The Greyhounds came into the series with four NHL first-round picks on their roster including forward Nick Ritchie and defenseman Darnell Nurse, now McDavid’s teammate with the Oilers. They had lost just three of their previous 38 games, regular and postseason combined. No matter. McDavid lit them up for 19 points in a matchup the Otters won in six games, 4-2.

To this day, Knoblauch remains amazed by McDavid’s performance.

“We’d heard going in that this Soo team was the best in junior hockey in a decade,” Knoblauch recalled. “Well, Connor was phenomenal. I think our team as a whole played well. But we wouldn’t have had a chance if it wasn’t for what Connor did. I think he set a series record for points, and he was all that.

“In my career, no matter the league, no matter the event, I’ve never seen one player perform as well or dominate like Connor did against the Soo.”

That was then. This is now. Different league. Opponents are men with beards, not teenagers with acne.

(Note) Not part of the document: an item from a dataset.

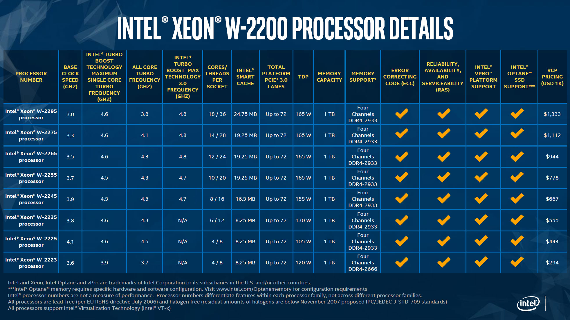В процессорное семейство Intel Xeon W-2200 вошли CPU с числом ядер от 4 до 18. Все они поддерживают Hyper-Threading, работают с памятью DDR4 в четырёхканальном режиме, содержат контроллер PCI-Express 3.0 на 48 линий и характеризуются номинальным TDP от 120 до 165 Вт.

Yet, with everything on the line Monday, Stanley Cup dreams in the balance, who has better odds to be a difference-maker a decade later than McDavid?

“No one,” said Sherwood Bassin, former Otters co-owner and a close family friend who McDavid has said was like a second father to him in Erie.

“I’ve known this kid since he was a young teenager. Even back then, he was thinking ahead of ways to win. I can guarantee you he went to bed (Sunday night) thinking of what’s going to happen, thinking the game in his mind, thinking how he’ll get his team over the hurdle, thinking what needs to be done. He’s so competitive, he’s not going to rest until he wins. I’ve been around hundreds of guys who’ve gone on to play in the NHL and I’ve never met anyone like him.

“He’s going to wake up, and hours later, try to implement all the things that went through his mind.”

In the end, will it work?

“Not necessarily,” Bassin said. “Like I said, there are no guarantees.”

He paused.

“But I can tell you this,” he said. “There will be no one on that ice who’ll be capable of changing the outcome of a game with one of those ‘wow’ moments like he can. The facts are there. He’s already proven that.

“No one.”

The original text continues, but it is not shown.